### WHAT TO WORK ON
Going through the material below, output exactly the lines from the one containing "The remodeled kitchen" through the one containing "Polo de manga", and no pictures.

### DATA TO USE

※ ※ ※

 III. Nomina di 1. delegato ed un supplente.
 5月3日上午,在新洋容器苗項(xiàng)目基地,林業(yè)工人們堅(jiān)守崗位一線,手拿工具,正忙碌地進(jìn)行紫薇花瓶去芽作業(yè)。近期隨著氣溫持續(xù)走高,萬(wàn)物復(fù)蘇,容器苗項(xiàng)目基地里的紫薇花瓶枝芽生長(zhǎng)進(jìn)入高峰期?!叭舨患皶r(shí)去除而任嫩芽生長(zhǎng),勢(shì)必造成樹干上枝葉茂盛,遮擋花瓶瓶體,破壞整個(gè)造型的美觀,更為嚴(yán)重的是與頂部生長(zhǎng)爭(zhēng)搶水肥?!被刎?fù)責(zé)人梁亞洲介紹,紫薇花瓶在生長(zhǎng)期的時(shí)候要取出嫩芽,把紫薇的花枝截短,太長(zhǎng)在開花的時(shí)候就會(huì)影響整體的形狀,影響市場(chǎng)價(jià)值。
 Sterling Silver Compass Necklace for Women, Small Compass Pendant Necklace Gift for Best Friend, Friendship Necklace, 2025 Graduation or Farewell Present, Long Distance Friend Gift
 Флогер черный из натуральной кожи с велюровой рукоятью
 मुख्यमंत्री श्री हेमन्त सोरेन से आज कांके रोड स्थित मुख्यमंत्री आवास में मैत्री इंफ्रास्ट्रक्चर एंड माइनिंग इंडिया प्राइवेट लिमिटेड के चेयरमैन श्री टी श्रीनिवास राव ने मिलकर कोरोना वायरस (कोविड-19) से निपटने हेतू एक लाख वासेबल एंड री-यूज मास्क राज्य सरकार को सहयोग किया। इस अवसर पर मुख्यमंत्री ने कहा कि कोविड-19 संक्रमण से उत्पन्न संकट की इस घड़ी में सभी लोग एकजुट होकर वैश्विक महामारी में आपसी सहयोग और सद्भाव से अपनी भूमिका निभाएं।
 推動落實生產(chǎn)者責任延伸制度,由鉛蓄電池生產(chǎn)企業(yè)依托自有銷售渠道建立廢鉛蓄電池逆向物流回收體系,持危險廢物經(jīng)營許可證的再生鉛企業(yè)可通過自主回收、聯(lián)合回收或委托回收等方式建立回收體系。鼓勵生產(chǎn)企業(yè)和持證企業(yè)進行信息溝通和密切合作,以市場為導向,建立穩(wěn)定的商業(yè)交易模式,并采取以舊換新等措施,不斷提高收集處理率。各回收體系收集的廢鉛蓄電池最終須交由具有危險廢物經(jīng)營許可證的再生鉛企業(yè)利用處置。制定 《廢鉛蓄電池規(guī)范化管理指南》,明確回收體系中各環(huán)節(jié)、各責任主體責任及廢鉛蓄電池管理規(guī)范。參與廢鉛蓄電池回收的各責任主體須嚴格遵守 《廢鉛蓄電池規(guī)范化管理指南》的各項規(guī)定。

※ ※ ※

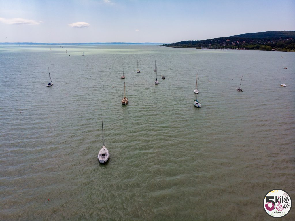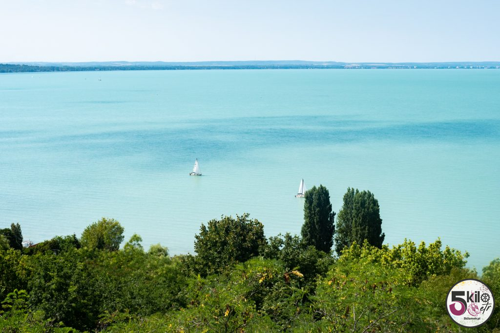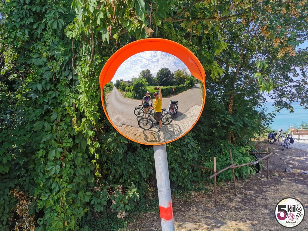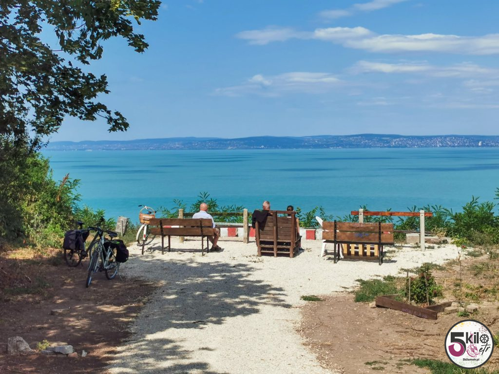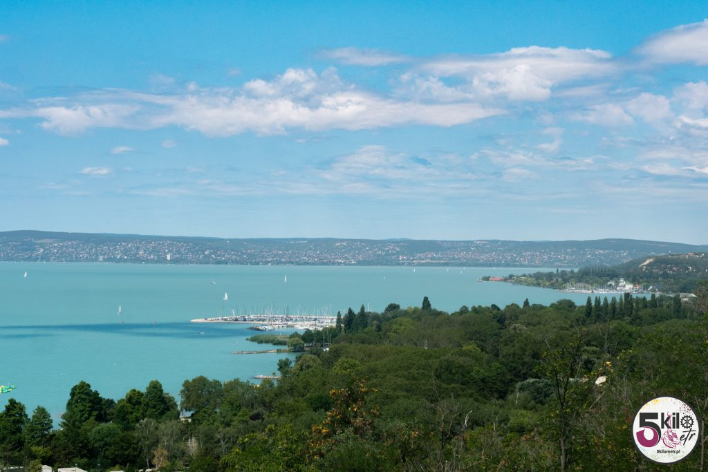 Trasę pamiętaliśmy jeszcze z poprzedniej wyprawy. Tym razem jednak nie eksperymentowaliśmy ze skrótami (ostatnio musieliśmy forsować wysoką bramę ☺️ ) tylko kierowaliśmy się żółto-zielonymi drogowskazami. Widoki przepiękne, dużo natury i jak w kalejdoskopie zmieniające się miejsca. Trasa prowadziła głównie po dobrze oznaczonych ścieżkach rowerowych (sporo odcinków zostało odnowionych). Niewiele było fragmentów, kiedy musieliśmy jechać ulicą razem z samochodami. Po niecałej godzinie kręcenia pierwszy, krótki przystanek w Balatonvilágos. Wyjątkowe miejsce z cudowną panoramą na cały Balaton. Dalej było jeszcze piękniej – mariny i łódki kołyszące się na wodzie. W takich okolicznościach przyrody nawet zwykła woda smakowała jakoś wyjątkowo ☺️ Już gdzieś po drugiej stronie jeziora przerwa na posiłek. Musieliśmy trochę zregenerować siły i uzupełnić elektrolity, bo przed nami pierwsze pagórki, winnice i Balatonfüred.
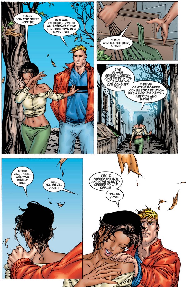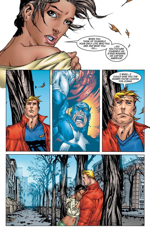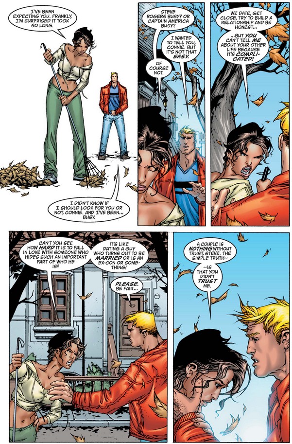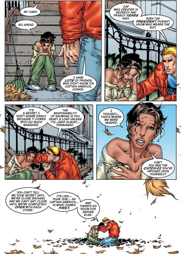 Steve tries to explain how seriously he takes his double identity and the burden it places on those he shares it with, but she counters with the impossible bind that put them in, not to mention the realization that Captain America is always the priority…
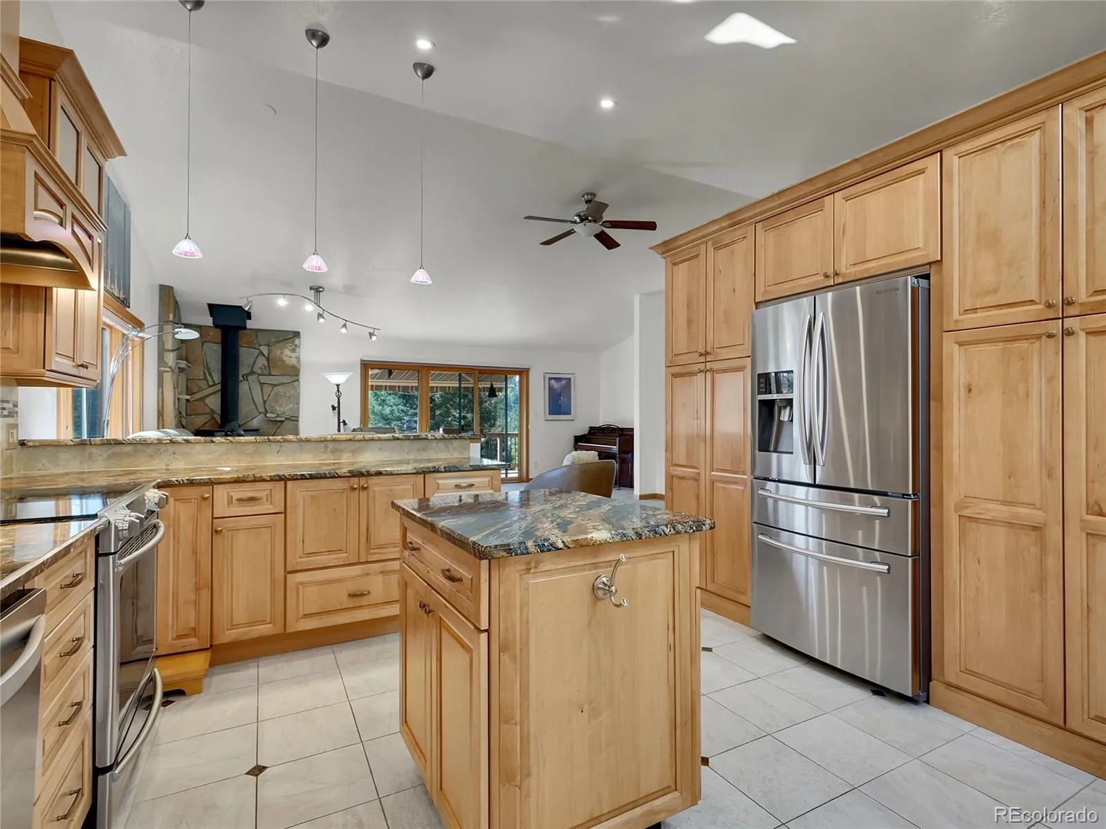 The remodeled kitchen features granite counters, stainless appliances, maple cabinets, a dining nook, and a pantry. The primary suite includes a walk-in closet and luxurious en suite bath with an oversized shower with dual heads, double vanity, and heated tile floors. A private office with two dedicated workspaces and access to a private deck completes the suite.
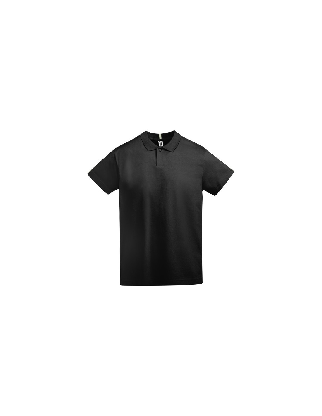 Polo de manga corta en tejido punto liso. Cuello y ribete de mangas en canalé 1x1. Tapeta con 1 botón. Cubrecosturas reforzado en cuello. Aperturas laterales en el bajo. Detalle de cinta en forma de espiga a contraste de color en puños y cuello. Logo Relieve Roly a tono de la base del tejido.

※ ※ ※

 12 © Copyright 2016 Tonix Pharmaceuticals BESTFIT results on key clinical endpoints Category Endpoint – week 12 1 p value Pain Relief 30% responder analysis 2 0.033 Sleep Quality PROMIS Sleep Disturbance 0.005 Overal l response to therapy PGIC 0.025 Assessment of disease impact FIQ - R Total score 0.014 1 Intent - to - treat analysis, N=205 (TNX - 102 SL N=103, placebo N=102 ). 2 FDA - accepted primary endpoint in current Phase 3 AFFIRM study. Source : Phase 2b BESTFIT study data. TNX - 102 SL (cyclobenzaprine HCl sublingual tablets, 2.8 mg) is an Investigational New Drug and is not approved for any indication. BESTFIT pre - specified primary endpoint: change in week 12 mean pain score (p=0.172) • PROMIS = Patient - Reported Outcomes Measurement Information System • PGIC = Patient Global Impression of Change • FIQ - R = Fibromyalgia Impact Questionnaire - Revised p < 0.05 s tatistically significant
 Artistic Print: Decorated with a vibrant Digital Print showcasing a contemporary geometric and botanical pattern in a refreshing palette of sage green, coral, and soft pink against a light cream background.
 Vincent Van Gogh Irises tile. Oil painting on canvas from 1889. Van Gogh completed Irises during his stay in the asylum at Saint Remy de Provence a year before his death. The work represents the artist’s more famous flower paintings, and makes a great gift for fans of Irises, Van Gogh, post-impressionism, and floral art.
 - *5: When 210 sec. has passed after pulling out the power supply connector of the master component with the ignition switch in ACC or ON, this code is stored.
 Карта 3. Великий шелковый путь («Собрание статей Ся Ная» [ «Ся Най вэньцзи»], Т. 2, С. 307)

※ ※ ※

### SOLUTION FOR THIS TASK
 The remodeled kitchen features granite counters, stainless appliances, maple cabinets, a dining nook, and a pantry. The primary suite includes a walk-in closet and luxurious en suite bath with an oversized shower with dual heads, double vanity, and heated tile floors. A private office with two dedicated workspaces and access to a private deck completes the suite.
 Polo de manga corta en tejido punto liso. Cuello y ribete de mangas en canalé 1x1. Tapeta con 1 botón. Cubrecosturas reforzado en cuello. Aperturas laterales en el bajo. Detalle de cinta en forma de espiga a contraste de color en puños y cuello. Logo Relieve Roly a tono de la base del tejido.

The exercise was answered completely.